Approchant du but, Interface s’est d’ailleurs donnée une nouvelle mission (“Climate Take Back”) encore plus ambitieuse il y a quelques années visant à passer de la réduction des externalités négatives à la création d’externalités positives en proposant des solutions au réchauffement climatique sur toute la chaîne de valeur de l’entreprise. 

Définir son Étoile est essentiel. La communiquer de manière impactante l’est tout autant pour donner à ses parties prenantes l’envie de l’atteindre. Pour cela, la mise en récit est fondamentale comme l’expose très clairement le documentaire Après-Demain de Cyril Dion et Laure Noualhat. C’est ce que nous apprennent les expériences de transformation d’Interface et de Loos-en-Gohelle dont le travail de mise en récit a été particulièrement soigné. 

“Si vous entrez par la morale ou la contrainte, vous n’y arriverez jamais. On ne peut s’en sortir que par l’entrée du désir” résume Jean-François Caron. 

C - Cailloux blancs

“Une vision qui ne s’accompagne pas d’actions n’est qu’un rêve. Une action qui ne découle pas d’une vision, c’est du temps perdu. Une vision suivie d’actions peut changer le monde.” - Nelson Mandela

Une fois l'Étoile représentée, poser des cailloux blancs, identifier des premiers combats et des premières étapes concrètes permet de commencer à tracer un chemin vers cette Étoile. C’est le passage du futur désiré au plan d'actions et aux “PPPP” - les Premiers Petits Pas Possibles.

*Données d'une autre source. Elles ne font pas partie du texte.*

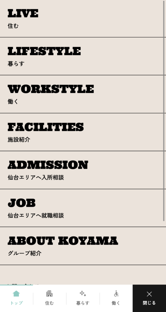 ハンバーガーメニューのデザイン参考事例4選!ちょっとした工夫でおしゃれなサイトを!トゥモローゲート。

Avec l’aide d’auteurs, d’activistes, de scientifiques et d’entrepreneurs, Interface a défini ses sept piliers du “Mount Sustainability” (éliminer les déchets, les émissions carbone, développer les énergies renouvelables, l’économie circulaire, les transports durables, sensibiliser les parties prenantes, repenser le commerce) et a construit des programmes dédiés pour chacun d’entre eux avec des objectifs mesurables devenant ainsi une roadmap partagée à tous et présentant la manière d’avancer collectivement vers l’Etoile. 

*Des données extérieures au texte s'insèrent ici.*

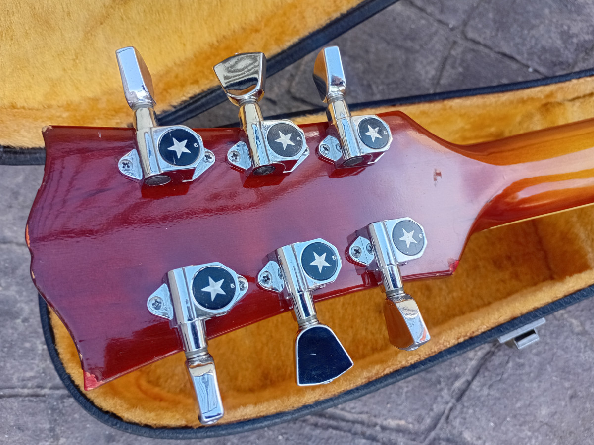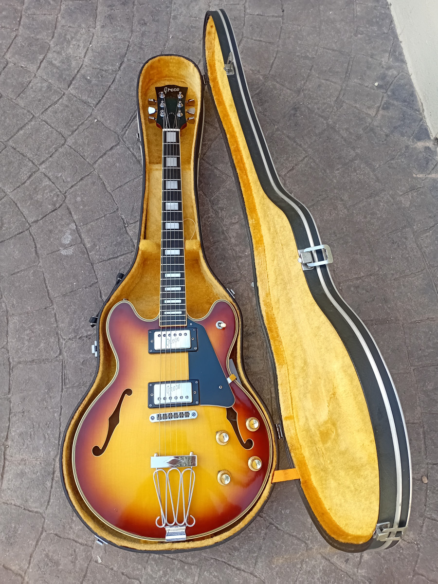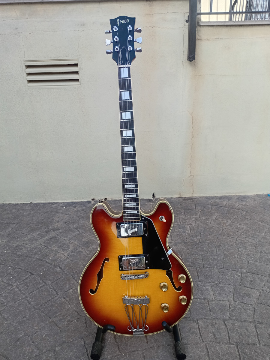 Vendo, preciosa guitarra Greco SA 500 de colección estupenda, Japonesa de la casa fujigen donde hacian las (famosas fender robben ford,) color sumburs claro, año de fabricación 1977 aproximado, perfecta para tocar lo que te guste es un tamaño tipo la 339 de gibson y un poquitin mas gruesa ,suena potente,las pastillas se dice que hacian réplicas de las PAF, es toda hueca,como la gibson 330,de aí el poco peso que tiene sobre 2, kilos y 300 kilogramos, aprox. esta no te partirá la espalda si tocas toda la noche,un buen detalle es que tiene el enganche de la correa como las stratos ,en la parte de arriba del cuerno entonces al colgartela es muy estable,y al contrario de las 335 ,339 y similares que llevan el enganche en el cuerpo y se mueven mas. Lleva estuche duro original.

Les cailloux blancs, les plans d’actions, “le concret” sont donc tout aussi important que le rêve, la vision ou l’Étoile. 

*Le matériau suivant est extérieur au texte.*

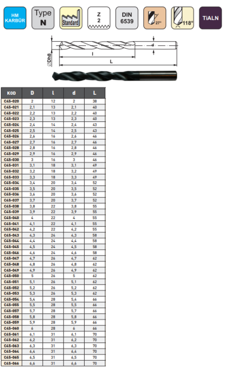 Pld 3x16x46mm Karbür Matkap Ucu DIN6539 TIALN

Le point de vigilance est qu’un grand nombre d’organisations - rarement les plus innovantes - tendent parfois à leur donner une telle importance qu’elles en oublient la question de fond du “pourquoi” et du “vers où”. Or, un plan d’actions et des objectifs sans nouvel imaginaire ne suffisent pas à engager durablement les énergies dans la transition... 

L - Libération des énergies

Ce qui est frappant dans les transformations d’Interface et de Loos-en-Gohelle, c’est qu’elles sont à la fois initiées et incarnées par un leader charismatique (Ray Anderson et Jean-François Caron) et qu’elles sont en même temps rendues possible par la pleine libération des énergies - des collaborateurs dans un cas, des “habitants-acteurs” dans l’autre. 

Dans les deux cas, la transformation a été rendue possible par une culture fortement participative. 

Depuis sa création, Interface a su garder une culture entrepreneuriale et horizontale très forte, encourageant en local la prise de risque, l’expérimentation constante et l’intrapreneuriat. 

De son côté, Loos-en-Gohelle a débuté son processus de résilience en créant les conditions de la confiance, de l’écoute et de l’implication citoyenne. Un travail pour reconnaître et valoriser l’histoire des corons - avec par exemple des festivals culturels participatifs ou l’inscription du bassin minier au Patrimoine Mondial de l’Unesco - a redonné du pouvoir d’agir.

“Si on ne sait pas qui on est, on ne peut pas se transformer”, partage le Maire. 

La transition et l’innovation ne peuvent émerger durablement qu’à condition de reposer sur un terreau culturel fertile. Un “PFH favorable” dirait Jean-François Caron - le “Putain de Facteur Humain”.

I - Innovation

Identifier sur son chemin de transformation quelques innovations symboliques a un pouvoir d'entraînement particulièrement fort. 

A Loos-en-Gohelle, la construction de la toute première toiture solaire au monde sur une Église constitue un symbole fort de la transition écologique de la ville et un élément de fierté pour les habitants.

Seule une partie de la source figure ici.